27 de agosto de 2013
PlayStation 4
14 de abril de 2014
Mac OS X
23 de junho de 2015
Gênero(s) MMORPG
Modos de jogo Multijogador
Página oficial

Final Fantasy XIV: A Realm Reborn (ファイナルファンタジーXIV: 新生エオルゼア Fainaru Fantajī Fōtīn: Shinsei Eoruzea?) é um jogo eletrônico MMORPG desenvolvido e publicado pela Square Enix em 27 de agosto de 2013. O jogo se passa no mundo de Eorzea, cinco anos após os eventos de Final Fantasy XIV quando o dragão Bahamut escapou de sua prisão lunar a fim de iniciar a Sétima Calamidade do Umbral, um evento apocalíptico que destrói grande parte de Eorzea. O personagem do jogador escapa da devastação pela graça dos deuses através de uma viagem no tempo para o futuro. Enquanto o mundo lentamente se recupera e se reconstrói, o jogador precisa lidar com a iminente invasão do Império Garleano ao norte.

Final Fantasy XIV havia sido lançado em setembro de 2010 para uma recepção extremamente negativa. Como resultado, Yōichi Wada, então presidente da Square Enix, anunciou que uma nova equipe liderada por Naoki Yoshida iria assumir o desenvolvimento do título. Essa equipe ficou responsável por gerar conteúdo para o original e também desenvolver um jogo totalmente novo que iria abordar todas as críticas recebidas pelo anterior. Inicialmente chamado de "Versão 2.0", A Realm Reborn possui um novo motor de jogo, estruturas de servidor melhoradas, nova jogabilidade e interface, e uma nova história.
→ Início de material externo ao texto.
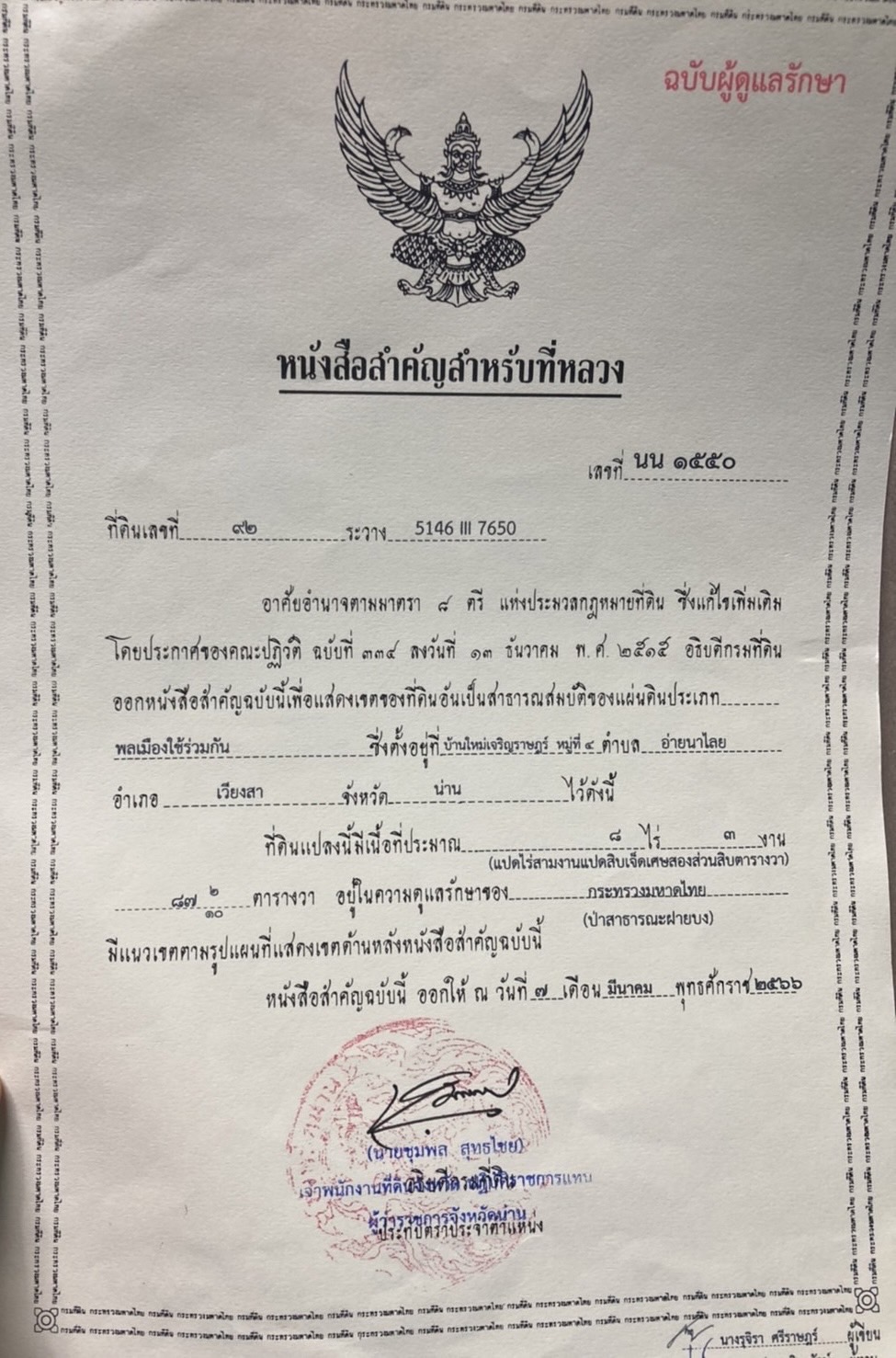 อ่ายนาไลย ได้ไปสำนักงานที่ดินจังหวัดน่าน สาขาเวียงสา เพื่อติดต่อขอรับหนังสือสำคัญสำหรับที่หลวง ประเภท พลเมืองใช้ร่วมกัน แปลง “ป่าสาธารณะฝายบง” โดยท่านผู้ว่าราชการจังหวัดน่านได้ลงนามเป็นที่เรียบร้อยแล้ว ซึ่งแปลงป่าสาธารณะฝายบง ตั้งอยู่บ้านใหม่เจริญราษฎร์ หมู่ 4 ตำบลอ่ายนาไลย อำเภอเวียงสา จังหวัดน่าน ซึ่งองค์การบริหารส่วนจังหวัดน่าน จะทำหนังสือติดต่อเข้ามาเพื่อขอเข้าใช้ต่อไป

O jogo teve críticas em sua maioria positivas ao ser lançado; ele foi elogiado por suas mecânicas e progressão, também parabenizando Yoshida por ter recuperado o projeto. O primeiro grande pacote de expansão, chamado "A Realm Awoken", foi lançado em dezembro de 2013 e introduziu casas para o jogador, batalhas em arena e novas missões. Pacotes de expansão subsequentes têm sido lançados a cada três meses. O jogo já acumulou mais de cinco milhões de assinaturas até julho de 2015, com os executivos da Square Enix creditando seu sucesso pelo retorno dos lucros da companhia.

JogabilidadeEditar

Final Fantasy XIV: A Realm Reborn é um MMORPG que se passa em um mundo em que os jogadores podem interagir uns com os outros e com o ambiente. Os jogadores podem criar a customizar seu próprio personagem para uso dentro do jogo, incluindo nome, espécie, gênero, características faciais e classe inicial. Diferentemente de Final Fantasy XIV, os jogadores só podem escolher serem Discípulos da Guerra ou Magia como uma classe de partida – Discípulos da Mão inicialmente estão indisponíveis.[1] Os jogadores também devem selecionar um servidor de jogo em que seus personagens irão existir. Apesar dos servidores não serem explicitamente delineados por idioma, centros de dados foram colocados nas regiões de suporte (América do Norte, Europa, Japão, etc.) a fim de melhorar a comunicação latente entre o servidor e o computador do usuário, com os jogadores sendo recomendados a escolher um servidor em sua região.[2] Independentemente do idioma e do servidor, o jogo possui uma grande biblioteca de termos automaticamente traduzidos e frases em geral que permitem que os jogadores falem em idiomas diferentes e se comuniquem.[3]

InterfaceEditar

A interface da versão de PC, navegada através de um sistema apontar-e-carregar.
A interface da versão de consoles, navegada por um sistema cross-bar.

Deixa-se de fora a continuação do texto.